**What you have to do**
Collect every line in the records below that contains the word "from".
*** Block opens ***
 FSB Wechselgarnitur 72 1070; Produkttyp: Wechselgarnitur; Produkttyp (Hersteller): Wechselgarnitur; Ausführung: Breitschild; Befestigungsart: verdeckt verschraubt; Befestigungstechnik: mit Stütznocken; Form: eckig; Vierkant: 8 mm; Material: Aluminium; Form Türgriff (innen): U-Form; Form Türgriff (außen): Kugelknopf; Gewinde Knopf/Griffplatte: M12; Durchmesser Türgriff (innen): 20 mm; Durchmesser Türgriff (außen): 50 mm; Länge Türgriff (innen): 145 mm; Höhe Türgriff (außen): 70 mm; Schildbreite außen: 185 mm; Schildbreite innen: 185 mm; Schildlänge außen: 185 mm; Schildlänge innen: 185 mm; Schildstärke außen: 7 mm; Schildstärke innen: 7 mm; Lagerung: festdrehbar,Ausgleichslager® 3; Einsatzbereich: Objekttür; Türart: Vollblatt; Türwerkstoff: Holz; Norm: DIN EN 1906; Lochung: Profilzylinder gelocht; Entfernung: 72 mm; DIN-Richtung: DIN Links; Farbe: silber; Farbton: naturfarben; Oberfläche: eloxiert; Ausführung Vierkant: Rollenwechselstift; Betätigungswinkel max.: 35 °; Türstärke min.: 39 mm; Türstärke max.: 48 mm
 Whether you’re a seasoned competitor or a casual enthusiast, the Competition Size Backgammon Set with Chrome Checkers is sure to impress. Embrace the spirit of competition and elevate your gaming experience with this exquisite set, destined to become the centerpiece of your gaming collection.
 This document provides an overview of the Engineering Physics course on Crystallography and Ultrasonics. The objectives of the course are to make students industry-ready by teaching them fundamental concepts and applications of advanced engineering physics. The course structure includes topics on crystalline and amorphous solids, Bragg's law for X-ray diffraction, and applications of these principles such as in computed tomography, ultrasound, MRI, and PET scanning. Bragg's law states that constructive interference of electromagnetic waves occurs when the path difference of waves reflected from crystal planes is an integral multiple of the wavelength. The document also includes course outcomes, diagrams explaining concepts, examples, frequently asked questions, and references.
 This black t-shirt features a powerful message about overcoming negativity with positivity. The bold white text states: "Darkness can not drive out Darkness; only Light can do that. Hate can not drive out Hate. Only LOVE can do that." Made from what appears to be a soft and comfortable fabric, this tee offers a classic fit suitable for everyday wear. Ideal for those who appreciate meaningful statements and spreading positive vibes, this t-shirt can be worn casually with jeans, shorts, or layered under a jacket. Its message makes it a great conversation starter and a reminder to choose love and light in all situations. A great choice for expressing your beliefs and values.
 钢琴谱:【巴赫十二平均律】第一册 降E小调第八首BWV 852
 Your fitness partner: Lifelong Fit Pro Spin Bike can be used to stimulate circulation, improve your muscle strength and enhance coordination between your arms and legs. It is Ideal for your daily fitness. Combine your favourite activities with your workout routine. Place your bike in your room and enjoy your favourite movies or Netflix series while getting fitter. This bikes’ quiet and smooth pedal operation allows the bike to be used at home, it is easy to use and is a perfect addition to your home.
*** Block closes ***
**Result for this exercise**
 This document provides an overview of the Engineering Physics course on Crystallography and Ultrasonics. The objectives of the course are to make students industry-ready by teaching them fundamental concepts and applications of advanced engineering physics. The course structure includes topics on crystalline and amorphous solids, Bragg's law for X-ray diffraction, and applications of these principles such as in computed tomography, ultrasound, MRI, and PET scanning. Bragg's law states that constructive interference of electromagnetic waves occurs when the path difference of waves reflected from crystal planes is an integral multiple of the wavelength. The document also includes course outcomes, diagrams explaining concepts, examples, frequently asked questions, and references.
 This black t-shirt features a powerful message about overcoming negativity with positivity. The bold white text states: "Darkness can not drive out Darkness; only Light can do that. Hate can not drive out Hate. Only LOVE can do that." Made from what appears to be a soft and comfortable fabric, this tee offers a classic fit suitable for everyday wear. Ideal for those who appreciate meaningful statements and spreading positive vibes, this t-shirt can be worn casually with jeans, shorts, or layered under a jacket. Its message makes it a great conversation starter and a reminder to choose love and light in all situations. A great choice for expressing your beliefs and values.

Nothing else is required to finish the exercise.